== GIVEN INFORMATION ==

Content starts

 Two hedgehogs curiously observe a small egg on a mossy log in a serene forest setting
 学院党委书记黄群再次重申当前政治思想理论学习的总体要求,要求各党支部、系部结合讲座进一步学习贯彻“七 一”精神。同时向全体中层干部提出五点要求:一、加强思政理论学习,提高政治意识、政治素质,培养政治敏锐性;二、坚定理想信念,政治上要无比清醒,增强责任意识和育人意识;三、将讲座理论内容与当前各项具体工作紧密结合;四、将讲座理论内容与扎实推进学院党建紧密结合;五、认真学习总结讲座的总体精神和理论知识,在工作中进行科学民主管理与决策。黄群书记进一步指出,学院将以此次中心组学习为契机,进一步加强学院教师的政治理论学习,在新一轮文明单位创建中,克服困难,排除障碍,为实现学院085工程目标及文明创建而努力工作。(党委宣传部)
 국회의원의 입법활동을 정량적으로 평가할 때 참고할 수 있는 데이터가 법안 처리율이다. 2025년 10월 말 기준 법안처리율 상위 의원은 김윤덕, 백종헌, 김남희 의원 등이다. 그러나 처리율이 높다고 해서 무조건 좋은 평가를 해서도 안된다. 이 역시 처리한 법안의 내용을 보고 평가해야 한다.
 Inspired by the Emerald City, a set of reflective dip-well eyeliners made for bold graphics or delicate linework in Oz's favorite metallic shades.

Content ends
Content starts

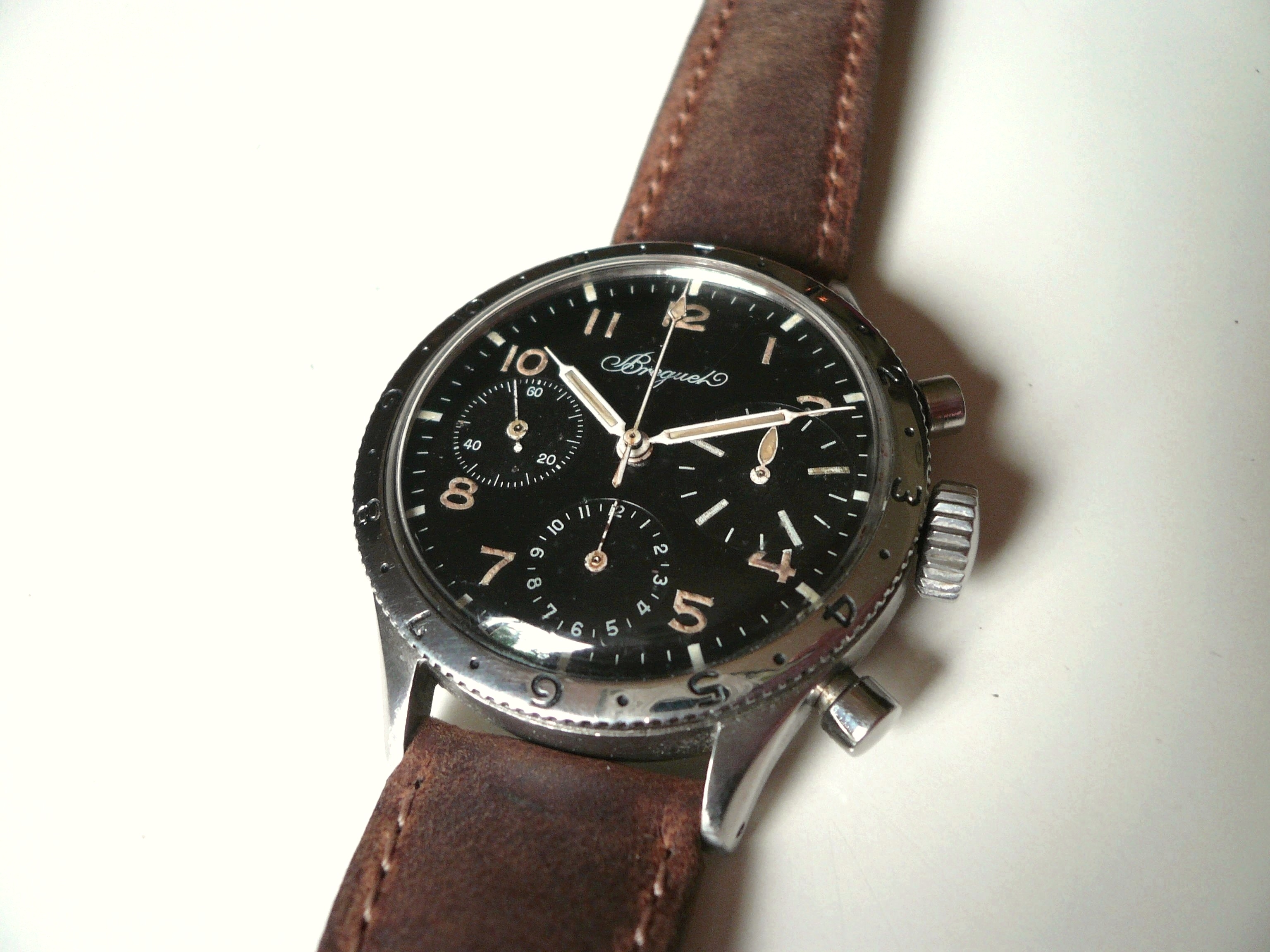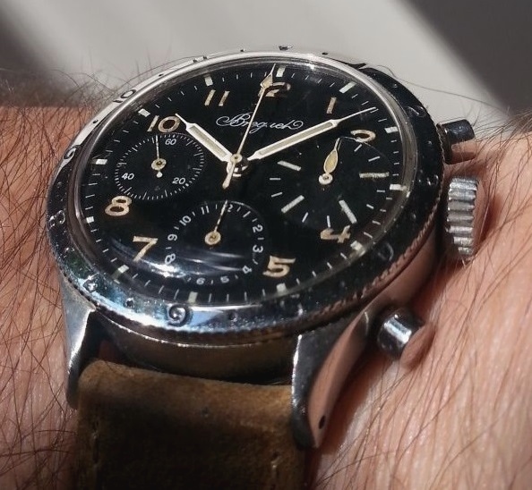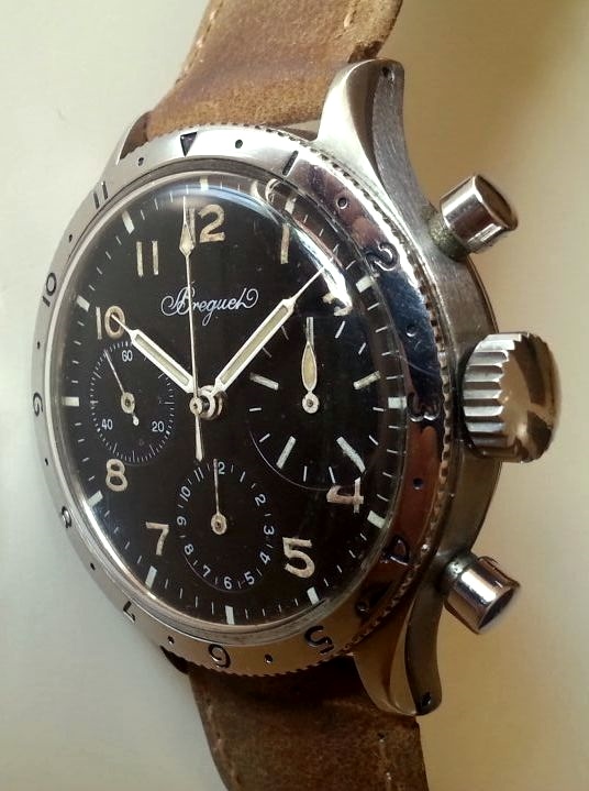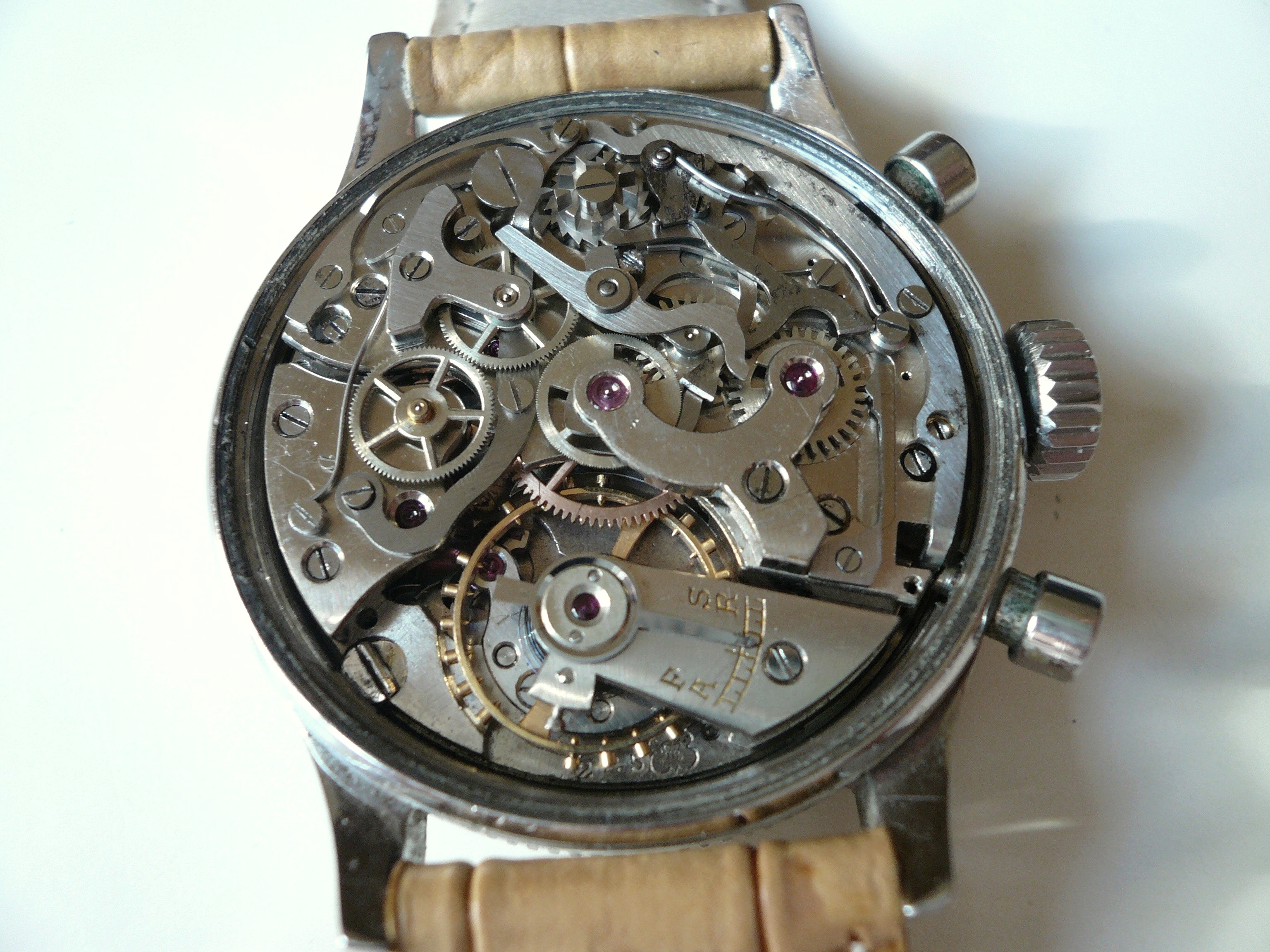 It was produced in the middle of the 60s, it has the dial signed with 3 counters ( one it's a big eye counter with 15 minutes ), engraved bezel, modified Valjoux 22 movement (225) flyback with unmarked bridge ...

Content ends

== WORK TO COMPLETE ==
Output the lines of the records above exactly as they appear, from the line containing "学院党委书记黄群再次重申当前" through the line containing "Inspired by the".

== ANSWER BOX ==
 学院党委书记黄群再次重申当前政治思想理论学习的总体要求,要求各党支部、系部结合讲座进一步学习贯彻“七 一”精神。同时向全体中层干部提出五点要求:一、加强思政理论学习,提高政治意识、政治素质,培养政治敏锐性;二、坚定理想信念,政治上要无比清醒,增强责任意识和育人意识;三、将讲座理论内容与当前各项具体工作紧密结合;四、将讲座理论内容与扎实推进学院党建紧密结合;五、认真学习总结讲座的总体精神和理论知识,在工作中进行科学民主管理与决策。黄群书记进一步指出,学院将以此次中心组学习为契机,进一步加强学院教师的政治理论学习,在新一轮文明单位创建中,克服困难,排除障碍,为实现学院085工程目标及文明创建而努力工作。(党委宣传部)
 국회의원의 입법활동을 정량적으로 평가할 때 참고할 수 있는 데이터가 법안 처리율이다. 2025년 10월 말 기준 법안처리율 상위 의원은 김윤덕, 백종헌, 김남희 의원 등이다. 그러나 처리율이 높다고 해서 무조건 좋은 평가를 해서도 안된다. 이 역시 처리한 법안의 내용을 보고 평가해야 한다.
 Inspired by the Emerald City, a set of reflective dip-well eyeliners made for bold graphics or delicate linework in Oz's favorite metallic shades.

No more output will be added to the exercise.